Tuesday, May 31, 2011

What Keeps You Up At Night?

Is it cash flow?  Is it getting new business?  Is it a personnel quagmire? Is it a personal or family problem?  Is it all of these?

I am the kind of a guy who needs a full eight hours of sleep, and usually nine.  I am so jealous of people that live on four or five hours a night.  They have so much more time to worry!  But I do get restful sleep and don't worry about my problems.  Here's a couple of tips to forget your troubles for eight hours a night.  No, my blog has not changed to a medical advice chat.  But we can look at ways to help clear your mind and get that problem solved. 

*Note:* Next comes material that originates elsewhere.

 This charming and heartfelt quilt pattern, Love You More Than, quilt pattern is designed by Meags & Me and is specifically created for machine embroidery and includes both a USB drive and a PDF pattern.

Keep an active 'To-Do' list on your desk, your computer or IPad.  Once your write a problem or an idea down on paper, ignore it until you get back to your desk.  Put it out of your mind.  This takes practice.  Force yourself to think, "It is on my list, and I will get to it when I get to it."  This really works if everyday you spend some time on your list.  It may only be fifteen or twenty minutes, but you will cross items off your list.

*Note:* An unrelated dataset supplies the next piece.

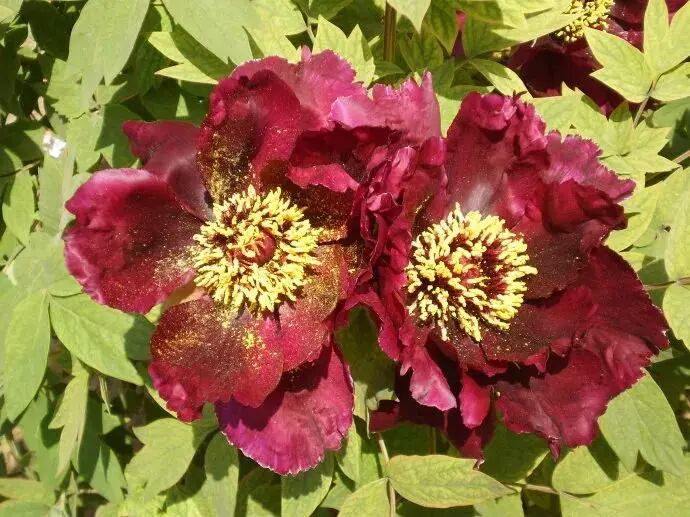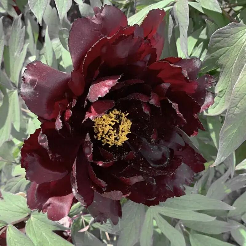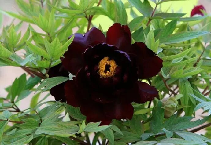 Genus Thousand Floor platform pavilion type peony , Inky purple flower color ( Near black ) , petals Flap fragmentation And Soft, Like shearing velvet, so Get Name.

Also, keep a pad of paper and pencil next to your bed.  When you wake up at night thinking of a particular idea or problem, write it down.  Don't stay up hoping to remember it for the morning.  Write it down, get it out of your mind now, and look at it when you get up.
  1. Now that you have a to-do list with, let's say, thirty items, let's rate them as easy-to-do, a pain-in-the-neck, or a no-sleeper.
  2. Knock off the easy ones ASAP.  Let's say you have fifteen left, of which five are the no-sleepers.
  3. Keep telling yourself it is on your list and you will get to it when you get to it.  Take one of the five and invest time and energy to solve it.  If you can't solve it, (and there will be ones you can't solve...accept it) move on. 
What about the one problem that keeps you up the most.  Talk to your business advisers, be it a key customer or vendor, your accountant, banker or lawyer, or call in a consultant.  If the problem is bothering you so much, then use every resource you can.  Define the problem in its most basic form, break it into manageable sub problems and solve the parts.  You may not solve the whole problem in one flash of insight, but you can nibble away at all of the parts making the problem conquerable.  Just about every problem is solvable. But whether it is worth the resources to solve it is the key. Keep in mind that every problem you are having has probably been encountered by someone else in our glass industry. Ask your business advisers...don't be embarrassed to ask...and you will get good answers!

Don't let the no-sleepers rob you of energy to run the business. If you come to work dragging your backside, you will not be efficient, you won't work safely, and you'll set a lousy example for your team.